> _RECORDS SUPPLIED_:
◆ ◆ ◆
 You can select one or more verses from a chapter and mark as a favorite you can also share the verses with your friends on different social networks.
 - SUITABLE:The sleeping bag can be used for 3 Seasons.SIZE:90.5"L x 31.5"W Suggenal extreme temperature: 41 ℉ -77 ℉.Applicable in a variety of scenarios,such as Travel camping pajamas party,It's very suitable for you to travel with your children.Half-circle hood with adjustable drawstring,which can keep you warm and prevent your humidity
◆ ◆ ◆
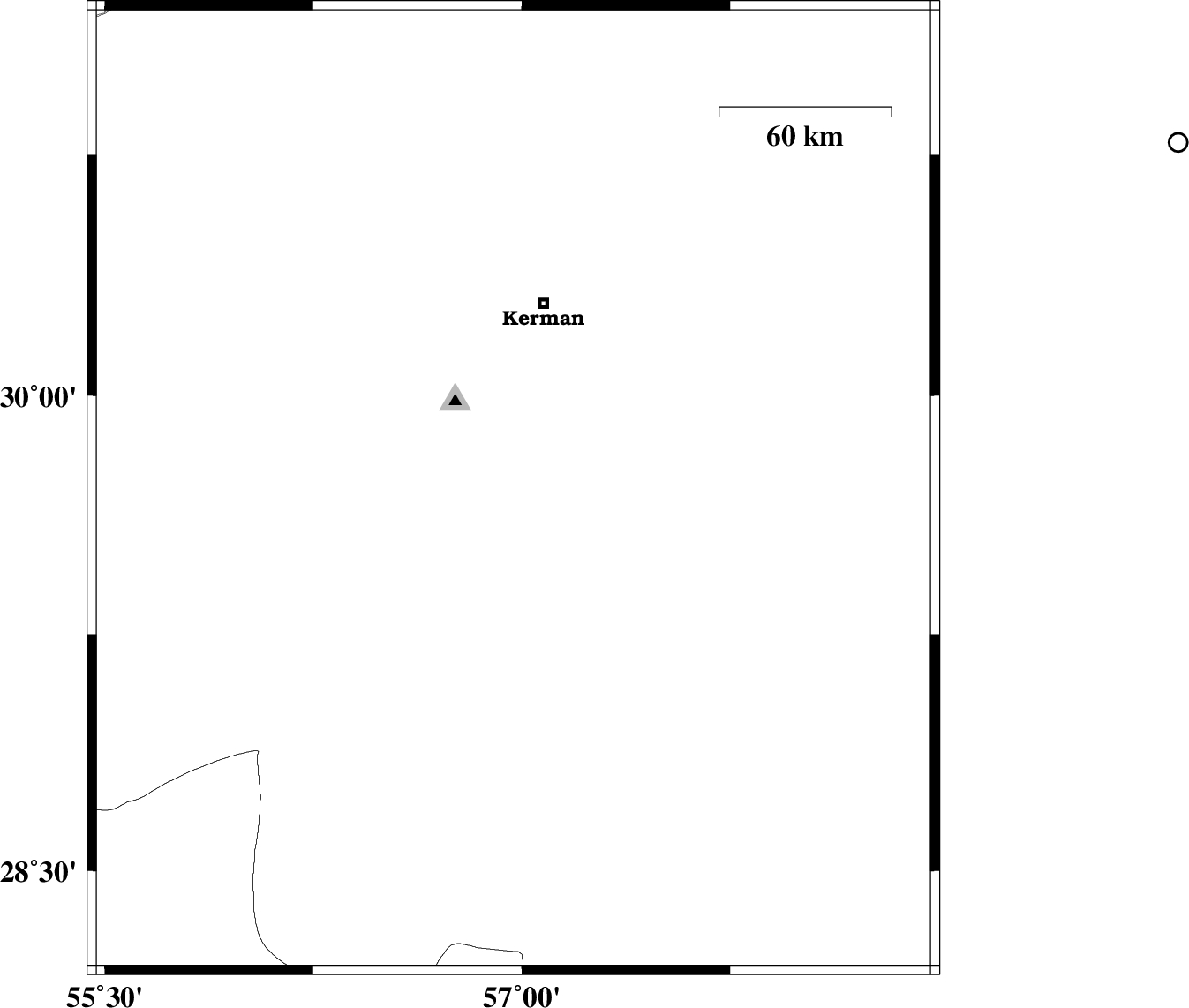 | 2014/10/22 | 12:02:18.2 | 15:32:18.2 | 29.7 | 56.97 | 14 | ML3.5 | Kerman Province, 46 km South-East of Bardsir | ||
◆ ◆ ◆
All that is wanted is an exact copy of the lines above from the one with "You can select" through the one with "- SUITABLE:The sleeping", with both ends included.

 You can select one or more verses from a chapter and mark as a favorite you can also share the verses with your friends on different social networks.
 - SUITABLE:The sleeping bag can be used for 3 Seasons.SIZE:90.5"L x 31.5"W Suggenal extreme temperature: 41 ℉ -77 ℉.Applicable in a variety of scenarios,such as Travel camping pajamas party,It's very suitable for you to travel with your children.Half-circle hood with adjustable drawstring,which can keep you warm and prevent your humidity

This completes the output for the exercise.